- [Task directions] With the pictures left out, restate exactly the part below that opens with the line containing "在课程后半段,在韦老师结合板" and closes with the line containing "The Millwright Wall".

- [Dataset excerpts]
>>>

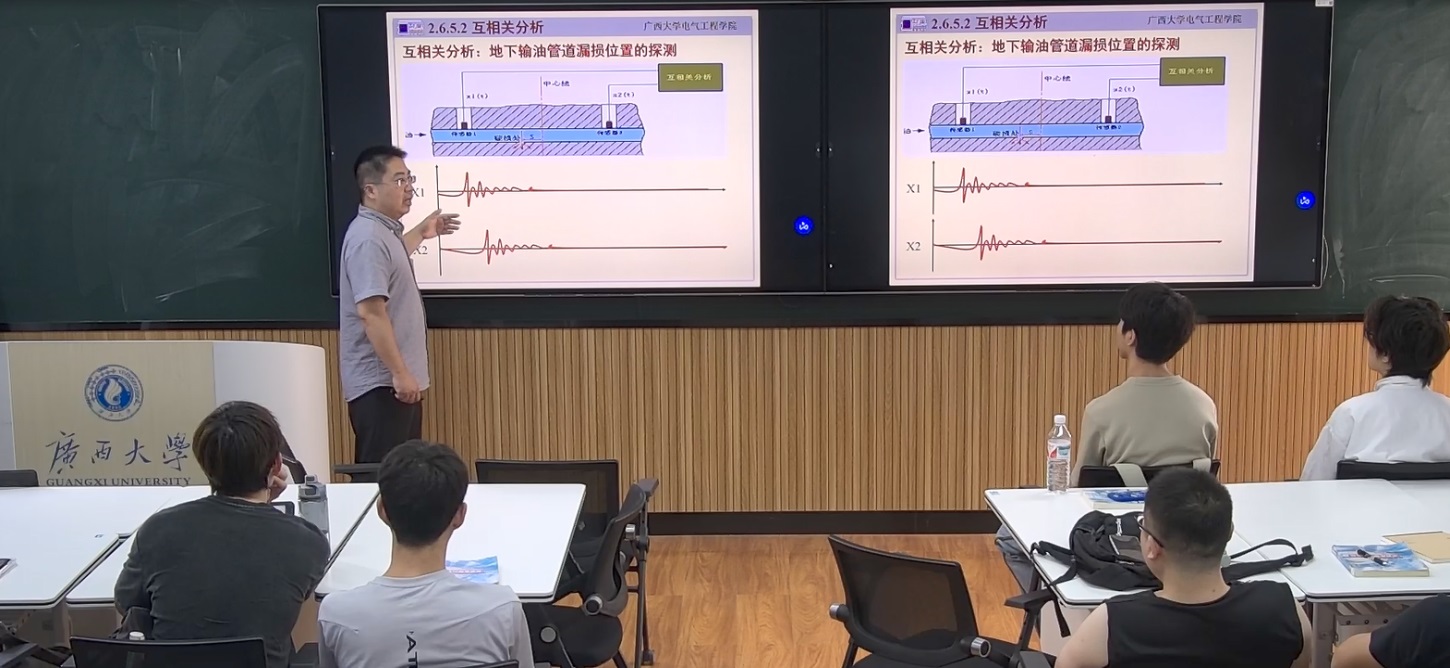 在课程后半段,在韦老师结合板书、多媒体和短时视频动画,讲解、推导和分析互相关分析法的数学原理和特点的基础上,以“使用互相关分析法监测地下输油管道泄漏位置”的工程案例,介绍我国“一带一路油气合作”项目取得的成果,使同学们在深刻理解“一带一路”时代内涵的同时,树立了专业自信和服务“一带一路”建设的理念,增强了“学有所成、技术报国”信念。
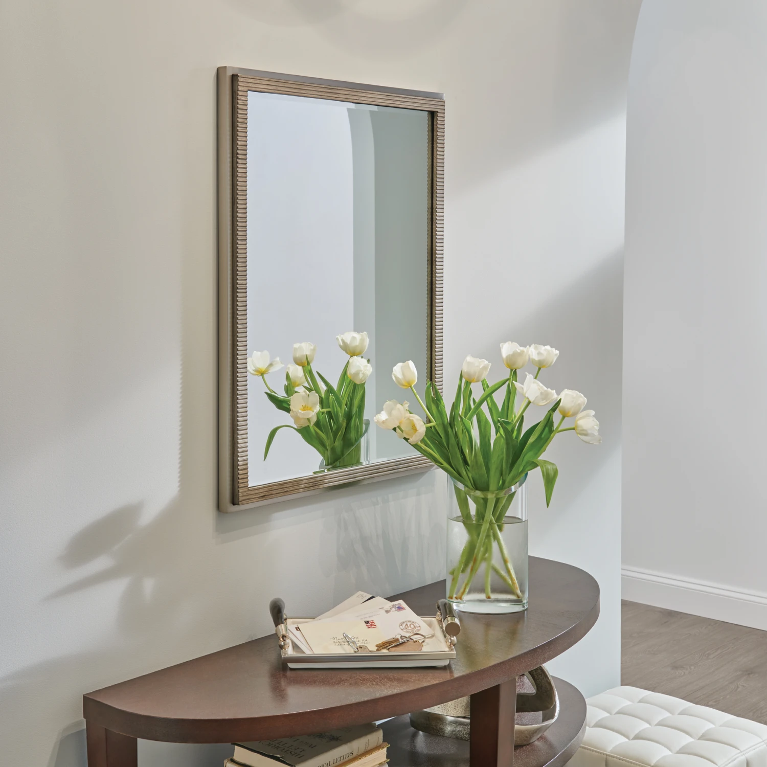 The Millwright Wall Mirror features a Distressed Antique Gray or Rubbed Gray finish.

<<<
>>>

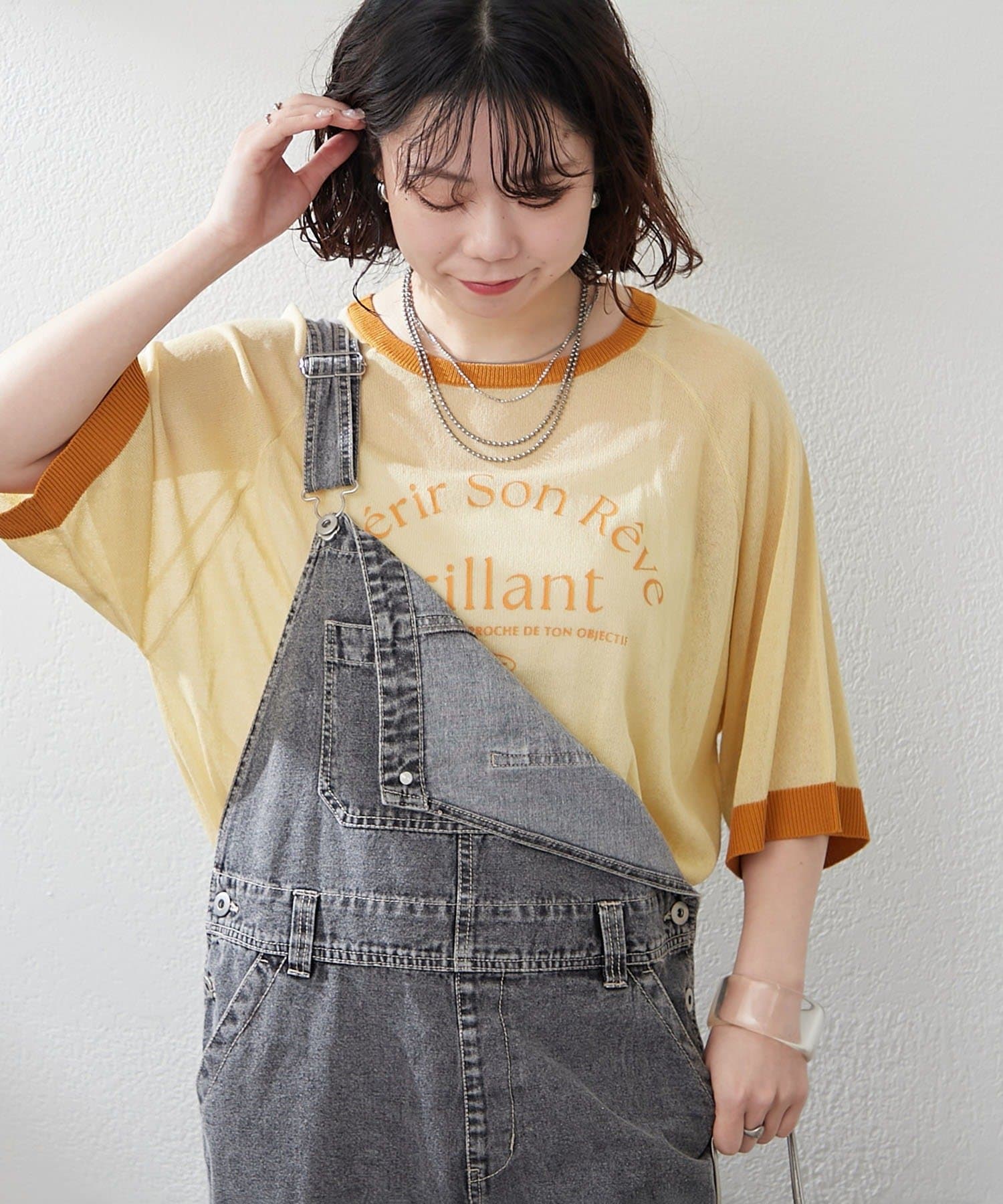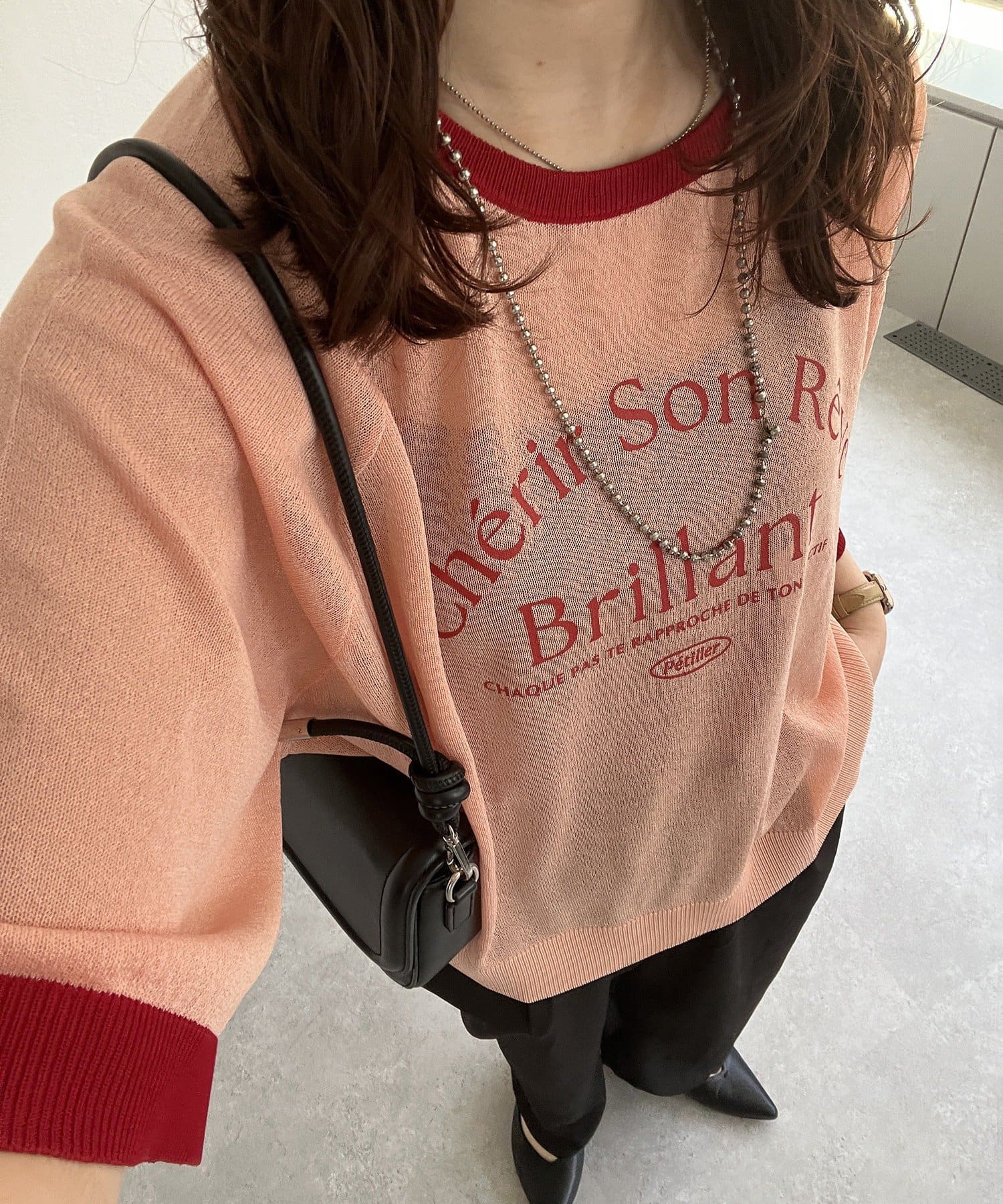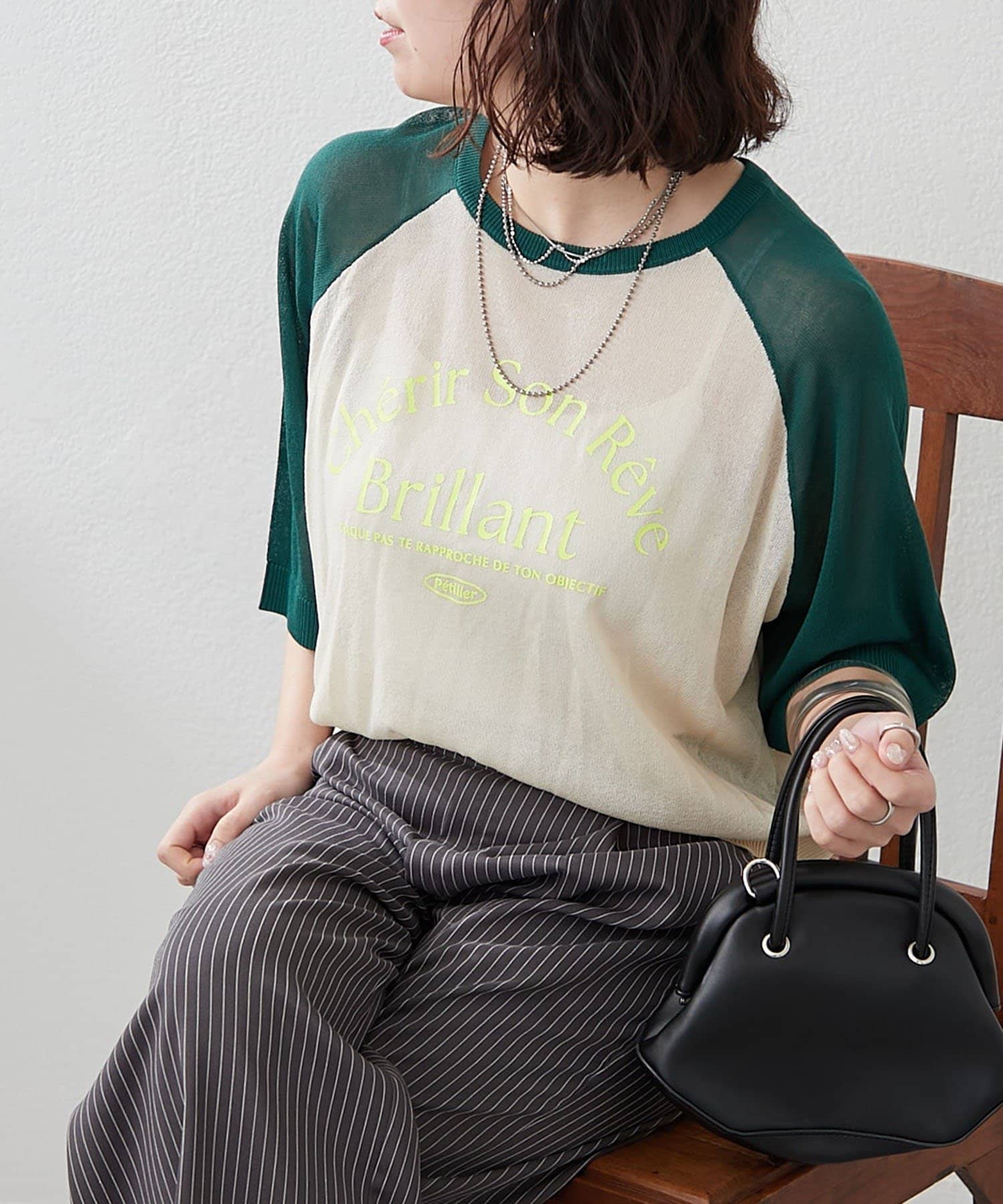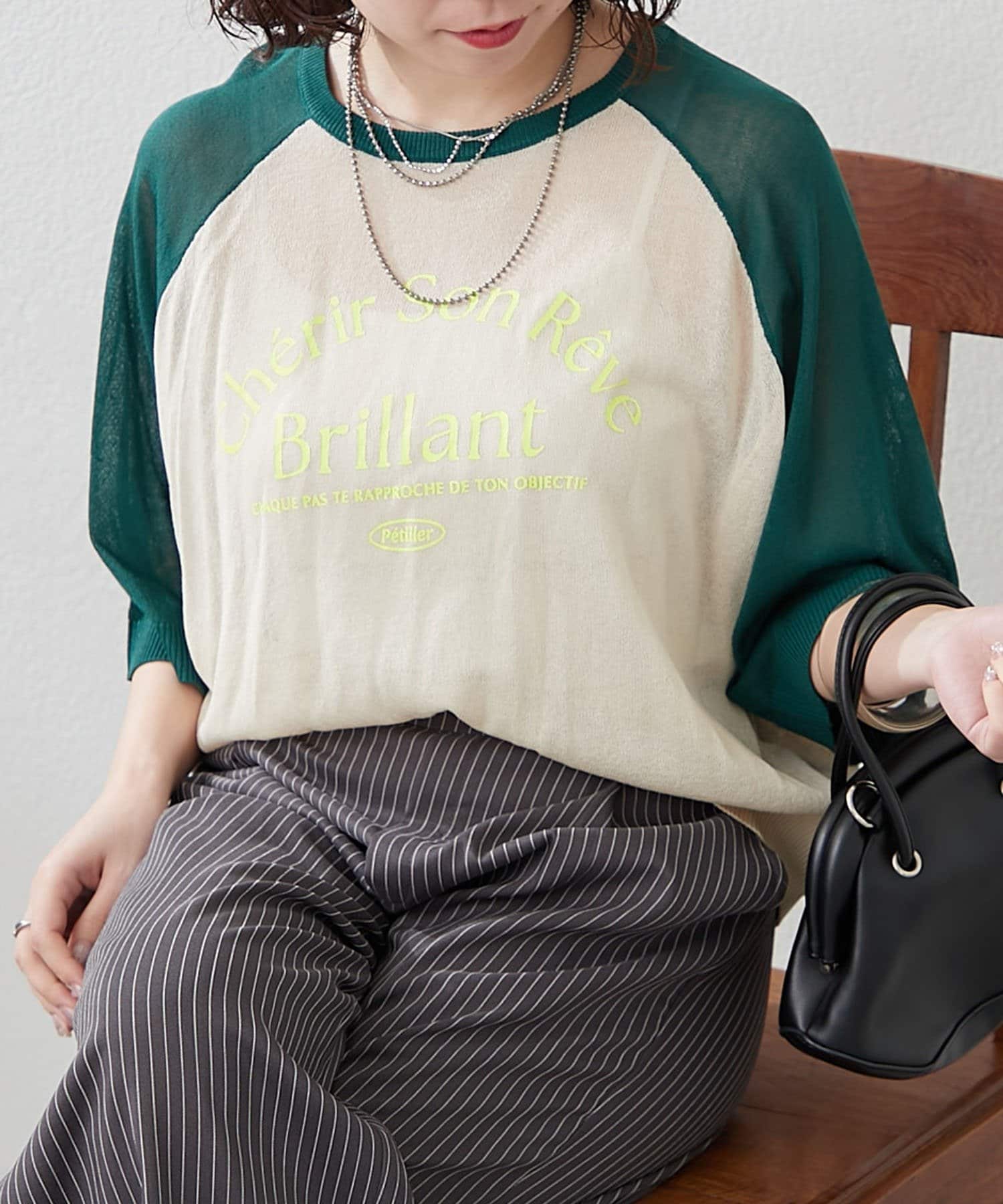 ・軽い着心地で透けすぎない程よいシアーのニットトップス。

<<<

- [Written response]
 在课程后半段,在韦老师结合板书、多媒体和短时视频动画,讲解、推导和分析互相关分析法的数学原理和特点的基础上,以“使用互相关分析法监测地下输油管道泄漏位置”的工程案例,介绍我国“一带一路油气合作”项目取得的成果,使同学们在深刻理解“一带一路”时代内涵的同时,树立了专业自信和服务“一带一路”建设的理念,增强了“学有所成、技术报国”信念。
 The Millwright Wall Mirror features a Distressed Antique Gray or Rubbed Gray finish.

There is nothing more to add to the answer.